Start of Working data

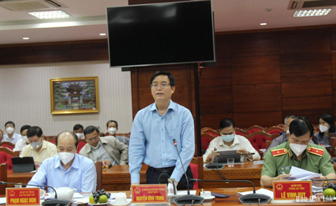 Ủy viên Trung ương Đảng, Bí thư Tỉnh ủy, Trưởng Ban Chỉ đạo phòng chống dịch COVID-19 tỉnh Nguyễn Đình Trung phát biểu tại buổi làm việc.
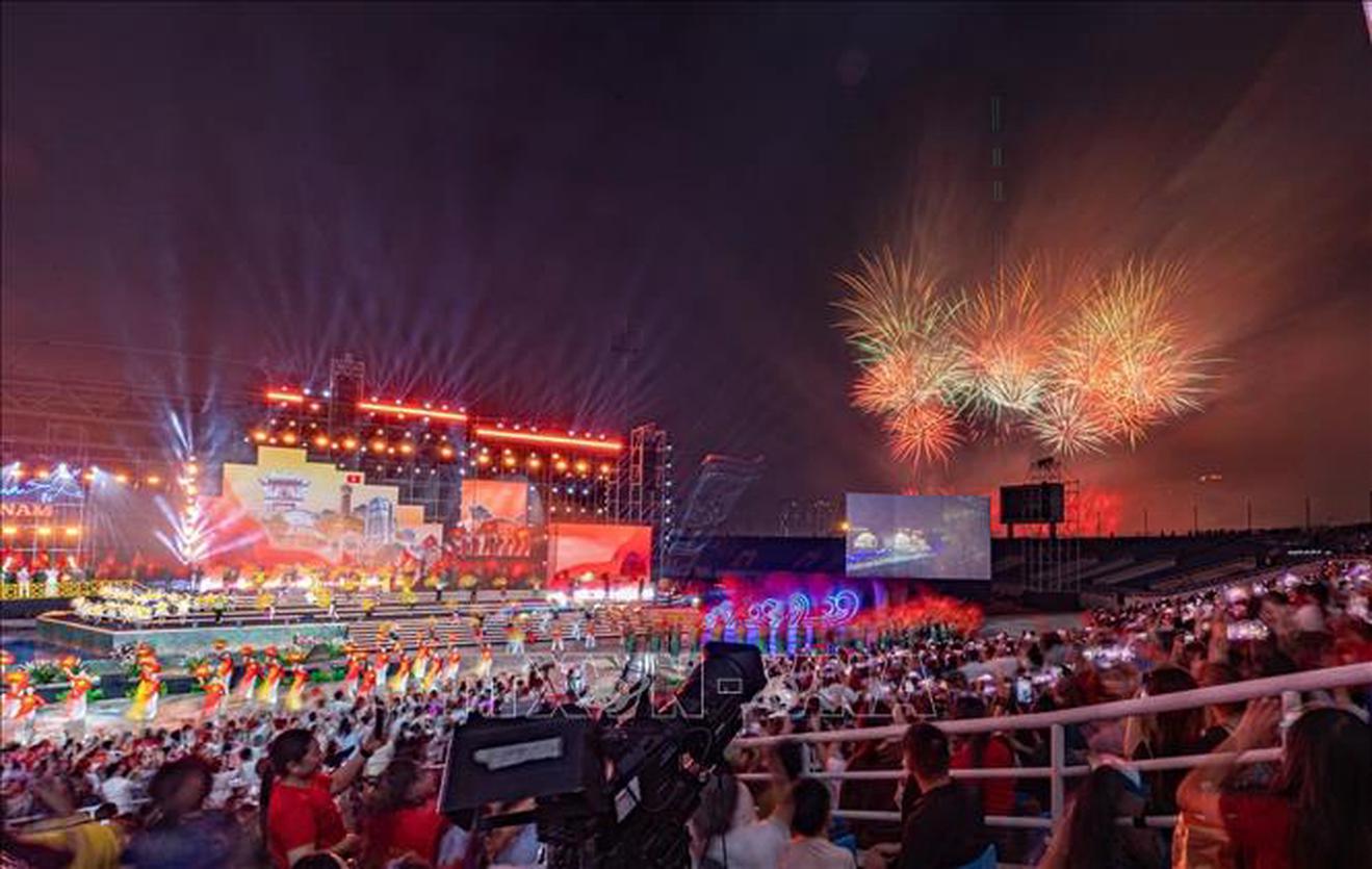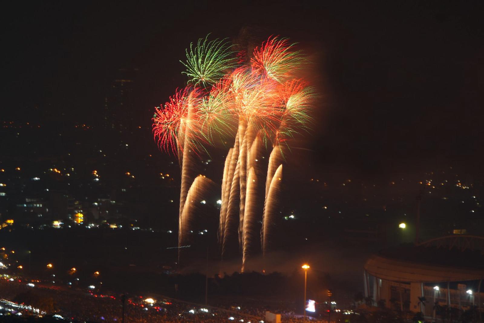 Màn pháo hoa chào mừng tại khu vực đường đua F1 rực sáng bầu trời Sân vận động quốc gia Mỹ Đình. Ảnh: TTXVN
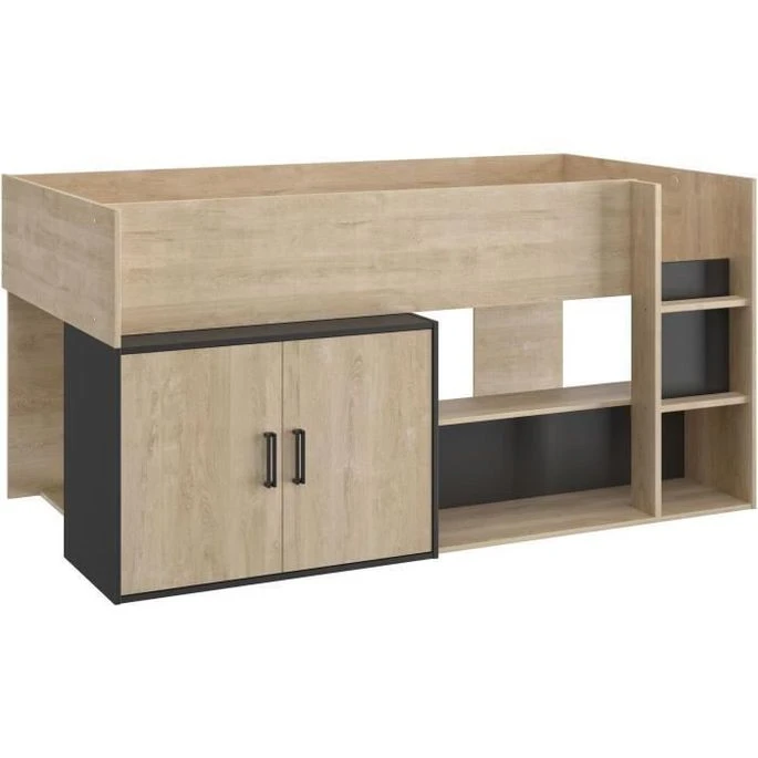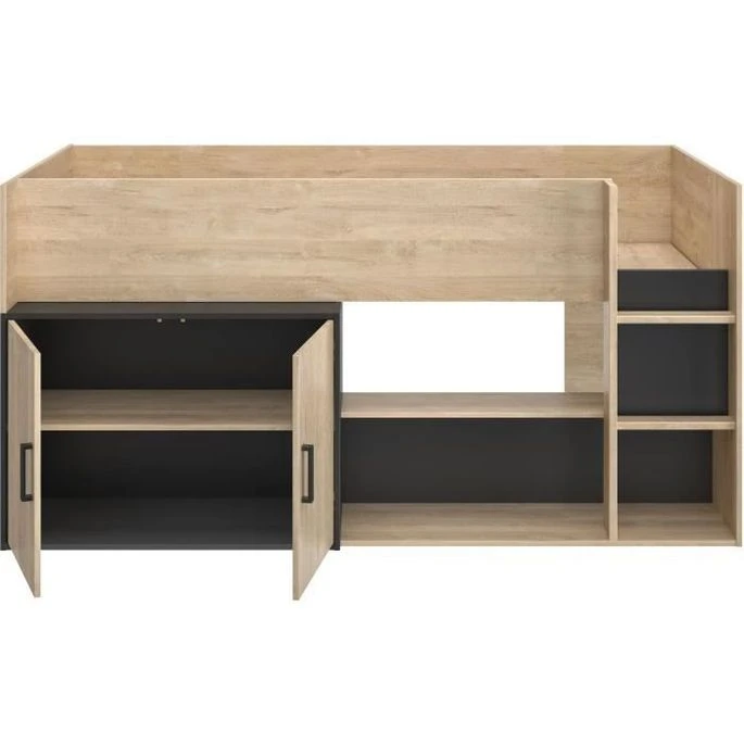 Bloc de rangement 2 portes sous le couchage avec 1 tablette de dépose en partie haute.
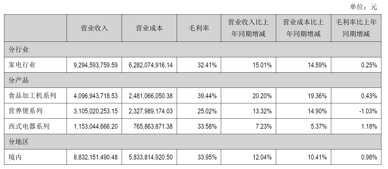 主营业务方面,家电行业贡献了九阳股份2019年营业收入的99.39%,毛利率为32.41%,同比增加0.25%。其中94.45%的收入来自于境内贡献。
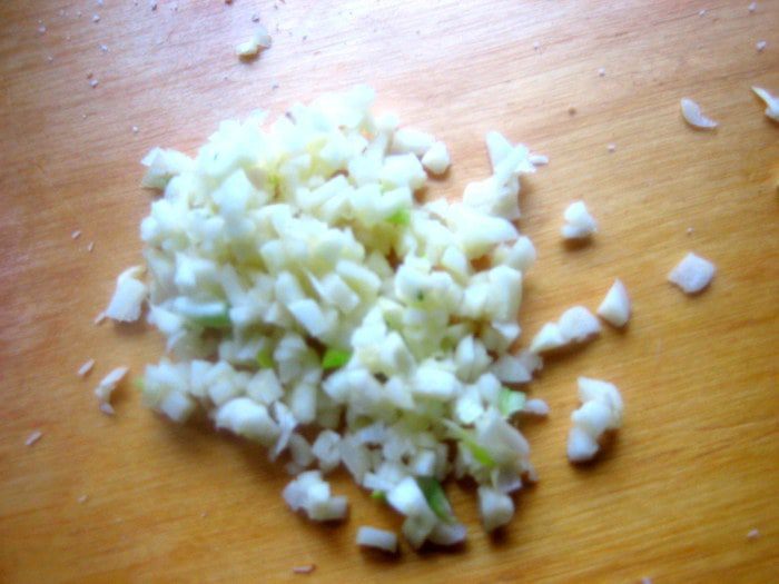 Чеснок измельчить.
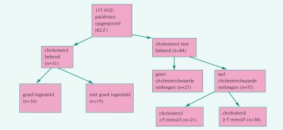 Bij de selectie werden 115 patiënten met hart- en vaatziekten gevonden die voldeden aan de leeftijdscriteria ( stroomschema). Mannen waren enigszins in de meerderheid. Bij 31 patiënten was het cholesterol bekend. Bij de helft van deze patiënten voldeed de spiegel aan de criteria van de nieuwe NHG-Standaard: een cholesterol lager dan 5,0 mmol/l (6 patiënten) en/of een maximale dosis van een statine (tien patiënten). De vijftien patiënten met een bekend verhoogd cholesterol werden onder de aandacht van hun eigen huisarts gebracht. Zij werden in dit onderzoek niet verder vervolgd omdat het doel het opsporen van onbekende patiënten was.
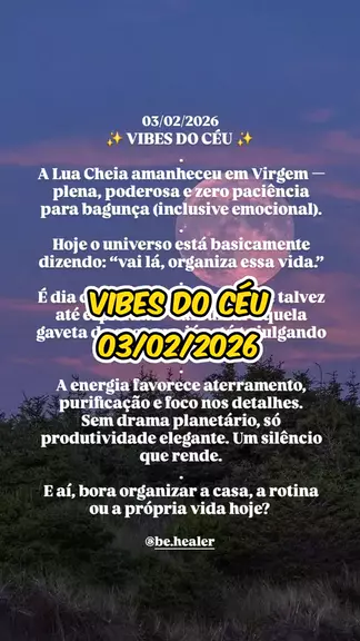 🔥 A vibe de hoje tá forte, mas antes de conquistar o mundo… que tal conquistar você mesma(o)? 😏 Vem fazer sua leitura de mapa astral comigo — prometo insights profundos e zero julgamentos (só verdades cósmicas ✨) Me chama no Whats: (51) 992424528 📲 Ou no Instagram: @be.healer Seu mapa tá pronto pra ser lido… eu só tô esperando você! 🧙‍♀️💫 Com amor, Bê! 💜 #vibesdocéu #behealer #astrologia #mapaastral
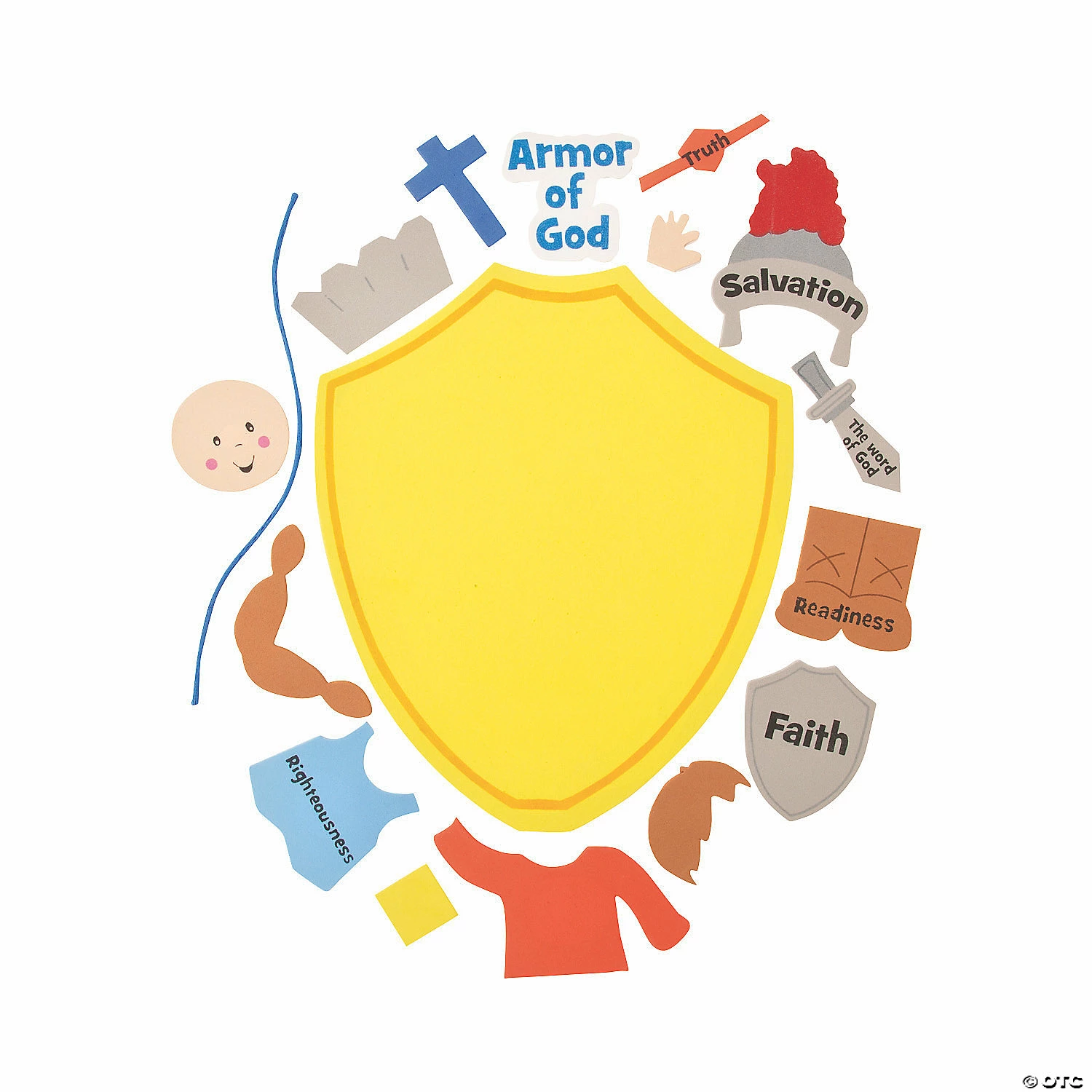 “Armor Of God” Craft Kit. Arm yourself with the “Armor of God” during Sunday School and VBS using this fun craft kit as a reminder of what each piece represents. The sword is “Thy world of God”, the helmet is “Salvation”, the armor is “Righteousness”, the belt reads “Truth”, the shield is “Faith” and “Readiness” are the boots. Includes self-adhesive foam pieces and boy and girl hairpieces. All craft kit pieces are pre-packaged for individual use. Kits include instructions and extra pieces. 9″ © OTC “Armor of God” Craft Kit Template/a

End of Working data

## Requirement
Your reply should hold nothing but the lines above, from the one containing "Bloc de rangement" to the one containing "Чеснок измельчить.", reproduced exactly minus the pictures.

## The answer
 Bloc de rangement 2 portes sous le couchage avec 1 tablette de dépose en partie haute.
 主营业务方面,家电行业贡献了九阳股份2019年营业收入的99.39%,毛利率为32.41%,同比增加0.25%。其中94.45%的收入来自于境内贡献。
 Чеснок измельчить.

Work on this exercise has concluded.